> What is required:
Copy the data that follows exactly, and include none of its images.

Recorded data Start Marker

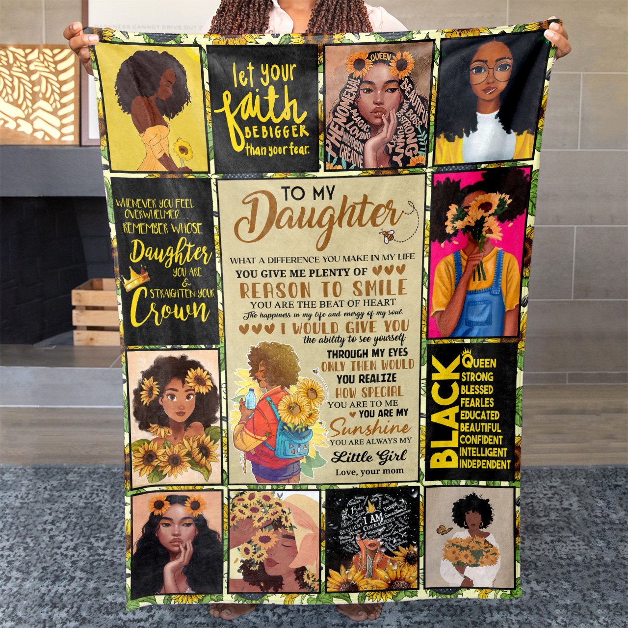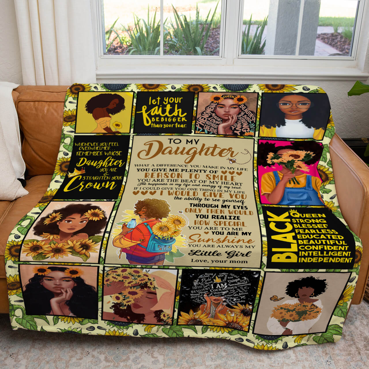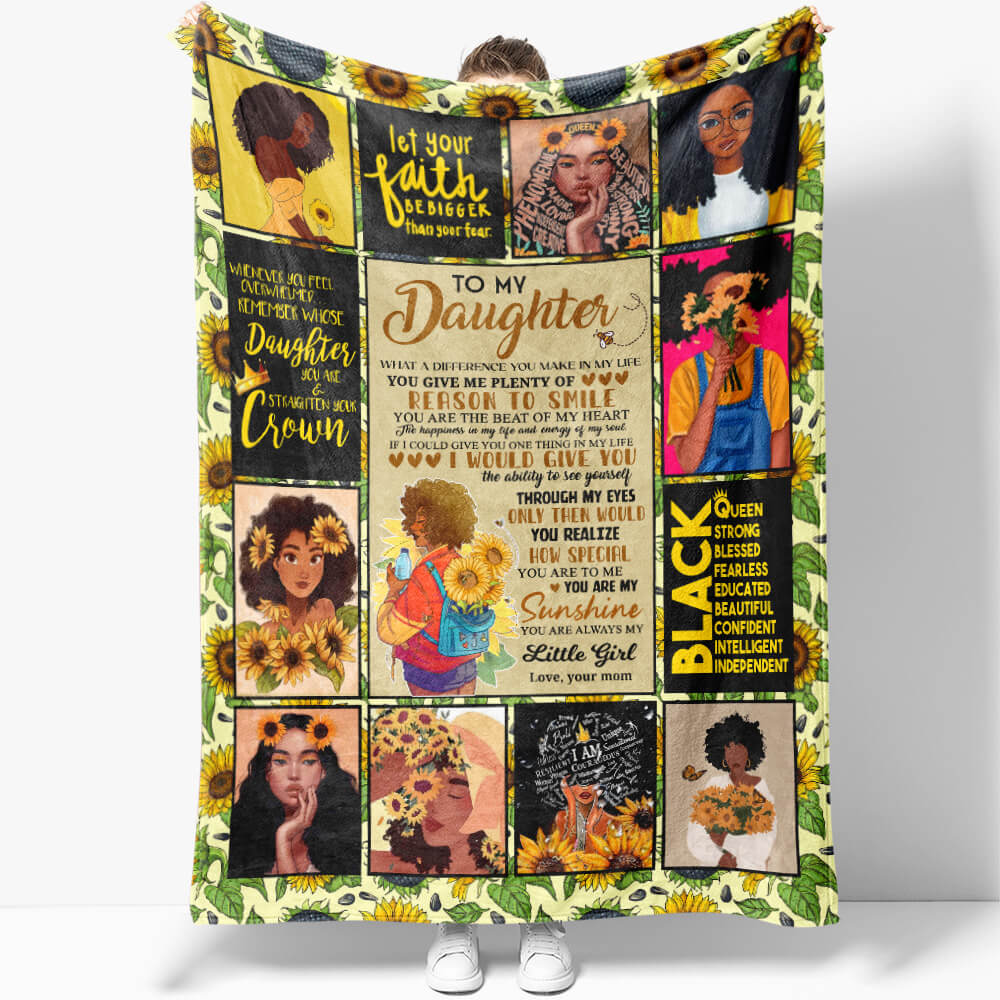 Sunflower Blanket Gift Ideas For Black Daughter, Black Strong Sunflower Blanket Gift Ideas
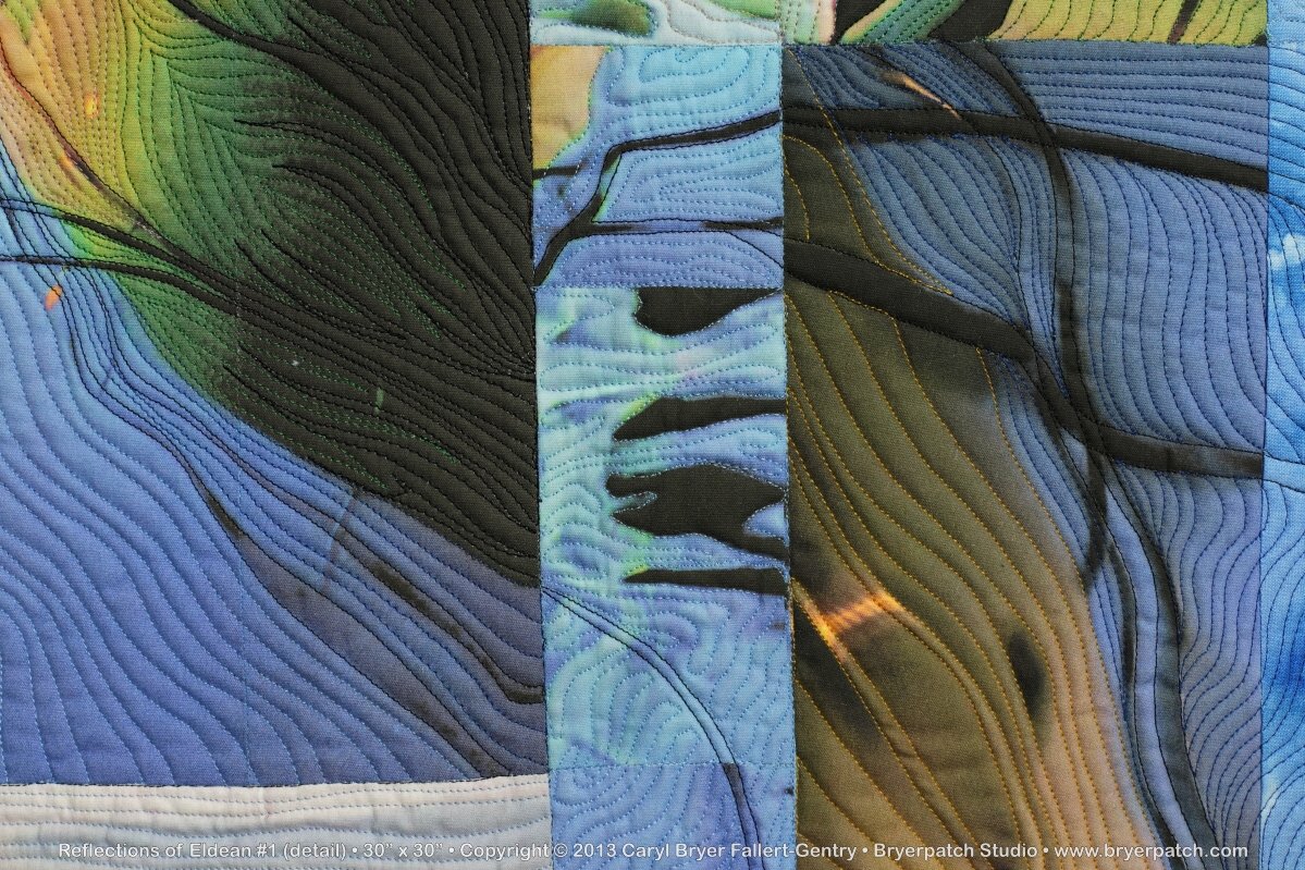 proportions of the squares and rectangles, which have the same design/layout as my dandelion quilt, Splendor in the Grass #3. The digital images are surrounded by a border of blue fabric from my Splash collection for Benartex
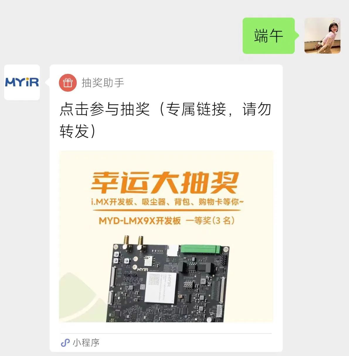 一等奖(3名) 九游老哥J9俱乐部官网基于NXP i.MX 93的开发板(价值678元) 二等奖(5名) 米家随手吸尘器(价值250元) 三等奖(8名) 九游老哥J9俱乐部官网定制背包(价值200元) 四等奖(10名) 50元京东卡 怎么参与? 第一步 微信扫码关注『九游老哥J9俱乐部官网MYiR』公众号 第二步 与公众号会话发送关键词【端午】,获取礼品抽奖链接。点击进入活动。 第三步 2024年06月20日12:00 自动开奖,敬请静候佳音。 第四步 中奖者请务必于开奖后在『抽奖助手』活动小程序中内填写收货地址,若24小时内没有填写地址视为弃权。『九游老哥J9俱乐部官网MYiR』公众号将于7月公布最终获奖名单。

Recorded data End Marker

> Your solution:
 Sunflower Blanket Gift Ideas For Black Daughter, Black Strong Sunflower Blanket Gift Ideas
 proportions of the squares and rectangles, which have the same design/layout as my dandelion quilt, Splendor in the Grass #3. The digital images are surrounded by a border of blue fabric from my Splash collection for Benartex
 一等奖(3名) 九游老哥J9俱乐部官网基于NXP i.MX 93的开发板(价值678元) 二等奖(5名) 米家随手吸尘器(价值250元) 三等奖(8名) 九游老哥J9俱乐部官网定制背包(价值200元) 四等奖(10名) 50元京东卡 怎么参与? 第一步 微信扫码关注『九游老哥J9俱乐部官网MYiR』公众号 第二步 与公众号会话发送关键词【端午】,获取礼品抽奖链接。点击进入活动。 第三步 2024年06月20日12:00 自动开奖,敬请静候佳音。 第四步 中奖者请务必于开奖后在『抽奖助手』活动小程序中内填写收货地址,若24小时内没有填写地址视为弃权。『九游老哥J9俱乐部官网MYiR』公众号将于7月公布最终获奖名单。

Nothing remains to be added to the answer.